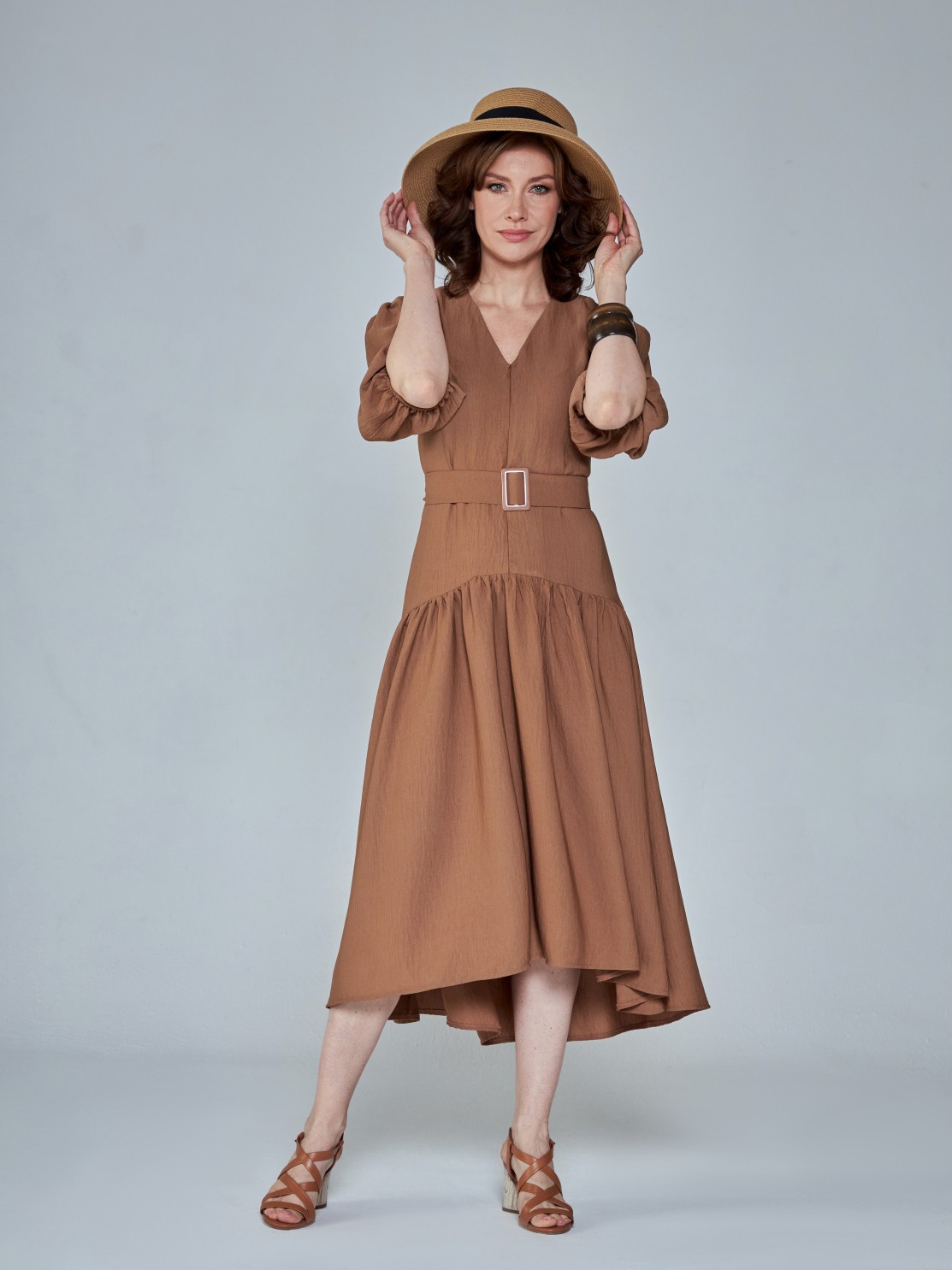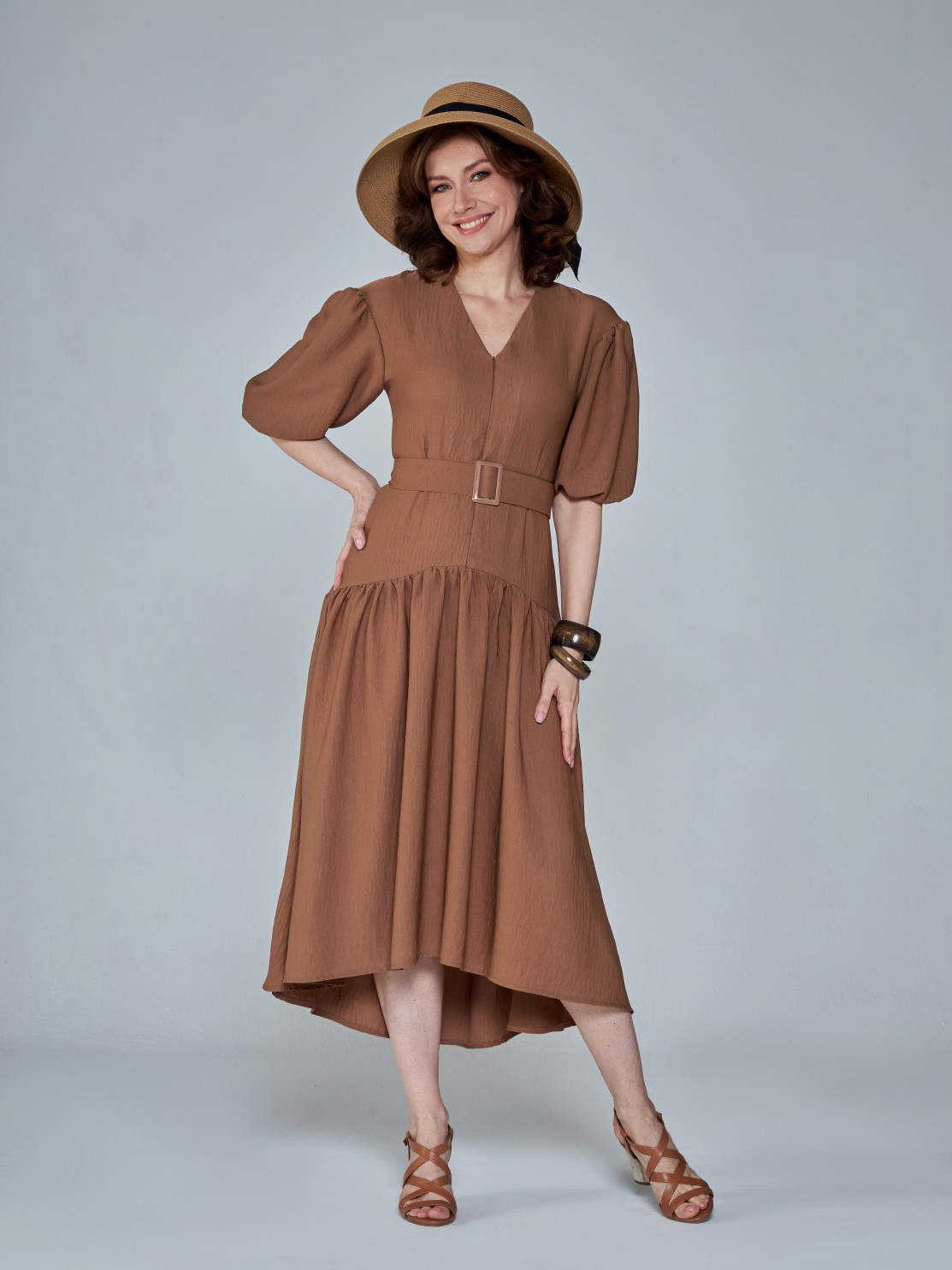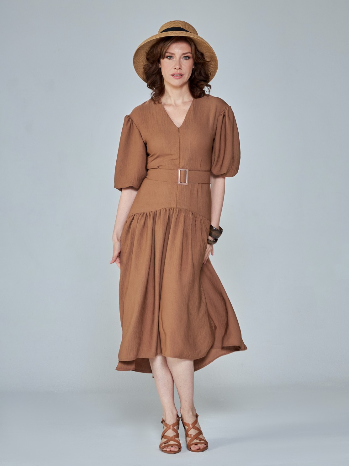 Летнее платье с пышной юбкой из лёгкой фактурной ткани. Приталенный силуэт, объёмные рукава, акцент на талии и спущенная линия юбки. Фигура в таком платье выглядит изящнее и женственнее. Модель застёгивается на потайную молнию спереди, так что вы сможете менять глубину выреза по собственному желанию.
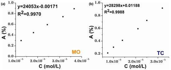 Standard calibration curves for (a) MO solution; (b) TC solution.
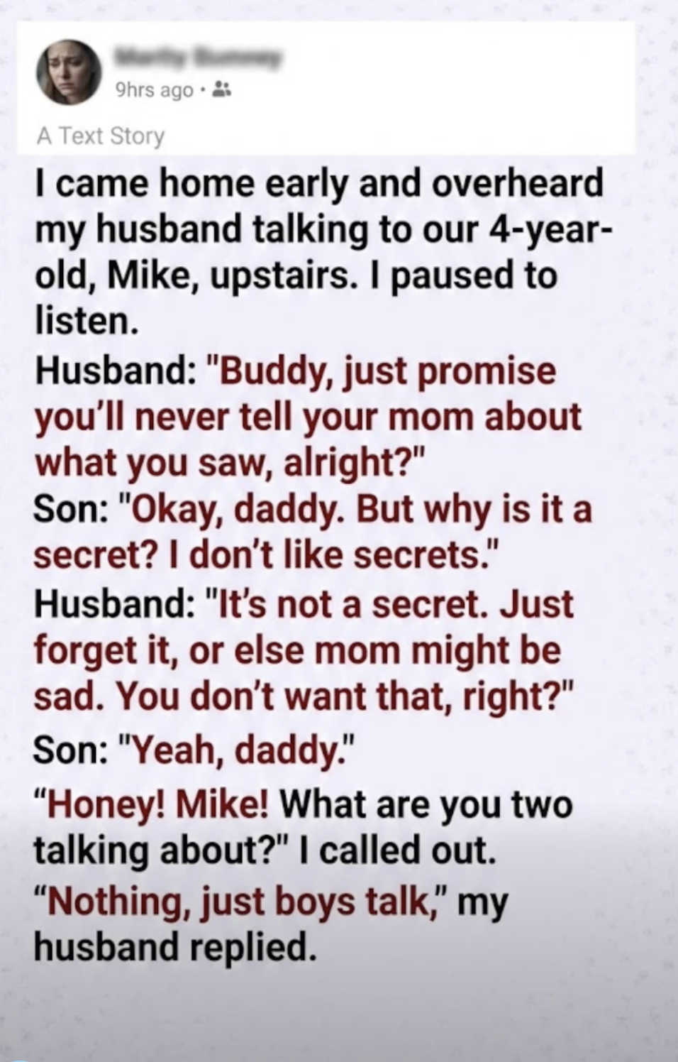 Husband: “Buddy, just promise you’ll never tell your mom about what you saw, alright?” Son: “Okay, daddy. But why is it a secret? I don’t like secrets.” Husband: “It’s not a secret. Just forget it, or else mom might be sad. You don’t want that, right?”
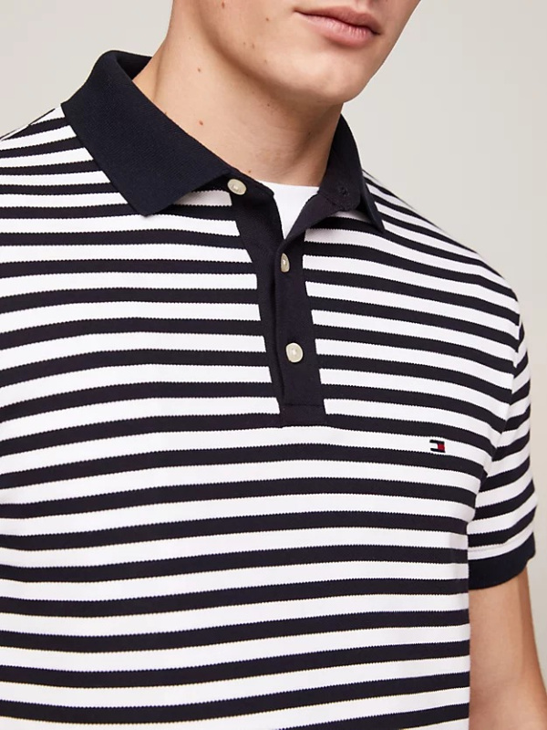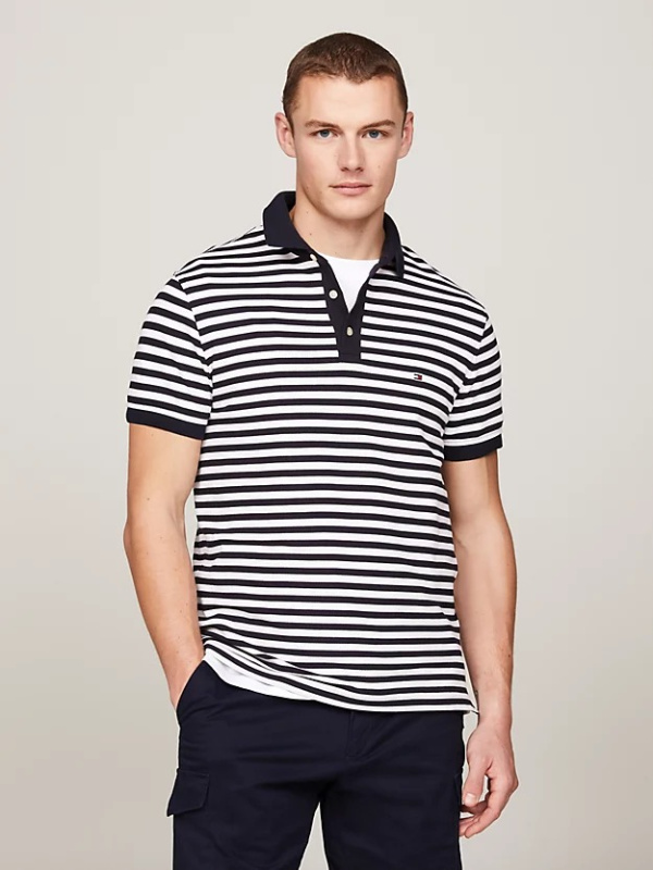 Muška Tommy Hilfiger tamnoplava polo majica na pruge s logom
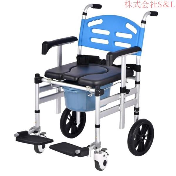 多機能車椅子昇降式アームレスト付き便器椅子ポータブルトランスポートチェア高さ調節可能な入浴チェアS&L折りたたみ式トイレチェア高齢者、妊娠中の女性、お
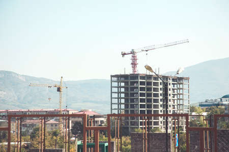 Construction of a multistory building in Budva, Montenegro. Builders are building a house. Crane working at a construction site. Sticks reinforcement of concrete.
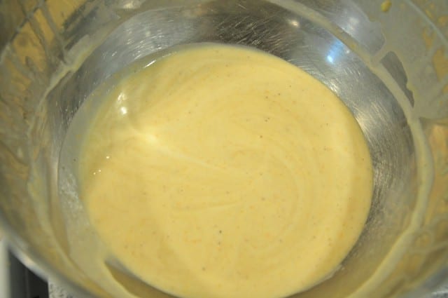 Step 7: In a bowl, whisk together two egg yolks and 1/2 cup of heavy cream. As you continue whisking, add the hot cooking liquid to the bowl by spoonfuls until you have added about a cup. Then add the rest of the liquid in a thin stream (or by ladlefuls) and mix as you go. Pour the liquid—now a sauce—back into the pan and bring it to a boil for about a minute, adding the cooking juices from the onions and mushrooms. Pass the sauce through a fine sieve, to eliminate the vegetables and sundry small particles, back into the bowl. (By the way, don’t throw out the vegetables left in the sieve; it’s the cook’s privilege the eat the vegetables, which are absolutely delicious!) Grate in a bit of nutmeg. (Here Julia calls for a few drops of lemon juice—presumably to mimic the taste of crème fraîche—but I found that the wine had already given the dish enough acidity, so I omitted it. And since I did not seem to have quite enough sauce, I thinned it a bit with more cream.)
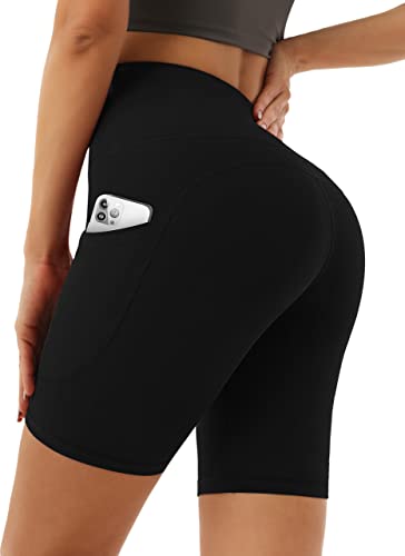 SINOPHANT cykelshorts med hög midja för kvinnor – magkontroll fjärils mjuk cyklist yoga löpning gym svart träning atletiska shorts Svart/Svart/Svart L-XL
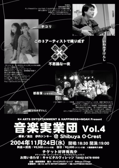K4 ARTS ENTERTAINMENT & HAPPINESS∞NOAH Presents 『音楽実業団 Vol.4』 脚本/演出 伊丹ドンキー 2004年11月24日(水)@渋谷O-Crest 開場 18:30 開演 19:00 料金 前売¥2,500 / 当日¥3,000(共にドリンク別) ※整理券入場制 −出演アーティスト− チコリ 都森家 いわみずけんじ MC:いわみずけんじ 主催:音楽実業団 協力:?キャピタルヴィレッジ Shibuya O-Crest 企画制作:(有)K4 ARTS ENTERTAINMENT (株)HAPPINESS∞NOAH 朗読劇で涙と笑いの絶妙なバラン

========================================================================

All of the records above are to be copied exactly, minus the pictures.

 Летнее платье с пышной юбкой из лёгкой фактурной ткани. Приталенный силуэт, объёмные рукава, акцент на талии и спущенная линия юбки. Фигура в таком платье выглядит изящнее и женственнее. Модель застёгивается на потайную молнию спереди, так что вы сможете менять глубину выреза по собственному желанию.
 Standard calibration curves for (a) MO solution; (b) TC solution.
 Husband: “Buddy, just promise you’ll never tell your mom about what you saw, alright?” Son: “Okay, daddy. But why is it a secret? I don’t like secrets.” Husband: “It’s not a secret. Just forget it, or else mom might be sad. You don’t want that, right?”
 Muška Tommy Hilfiger tamnoplava polo majica na pruge s logom
 多機能車椅子昇降式アームレスト付き便器椅子ポータブルトランスポートチェア高さ調節可能な入浴チェアS&L折りたたみ式トイレチェア高齢者、妊娠中の女性、お
 Construction of a multistory building in Budva, Montenegro. Builders are building a house. Crane working at a construction site. Sticks reinforcement of concrete.
 Step 7: In a bowl, whisk together two egg yolks and 1/2 cup of heavy cream. As you continue whisking, add the hot cooking liquid to the bowl by spoonfuls until you have added about a cup. Then add the rest of the liquid in a thin stream (or by ladlefuls) and mix as you go. Pour the liquid—now a sauce—back into the pan and bring it to a boil for about a minute, adding the cooking juices from the onions and mushrooms. Pass the sauce through a fine sieve, to eliminate the vegetables and sundry small particles, back into the bowl. (By the way, don’t throw out the vegetables left in the sieve; it’s the cook’s privilege the eat the vegetables, which are absolutely delicious!) Grate in a bit of nutmeg. (Here Julia calls for a few drops of lemon juice—presumably to mimic the taste of crème fraîche—but I found that the wine had already given the dish enough acidity, so I omitted it. And since I did not seem to have quite enough sauce, I thinned it a bit with more cream.)
 SINOPHANT cykelshorts med hög midja för kvinnor – magkontroll fjärils mjuk cyklist yoga löpning gym svart träning atletiska shorts Svart/Svart/Svart L-XL
K4 ARTS ENTERTAINMENT & HAPPINESS∞NOAH Presents 『音楽実業団 Vol.4』 脚本/演出 伊丹ドンキー 2004年11月24日(水)@渋谷O-Crest 開場 18:30 開演 19:00 料金 前売¥2,500 / 当日¥3,000(共にドリンク別) ※整理券入場制 −出演アーティスト− チコリ 都森家 いわみずけんじ MC:いわみずけんじ 主催:音楽実業団 協力:?キャピタルヴィレッジ Shibuya O-Crest 企画制作:(有)K4 ARTS ENTERTAINMENT (株)HAPPINESS∞NOAH 朗読劇で涙と笑いの絶妙なバラン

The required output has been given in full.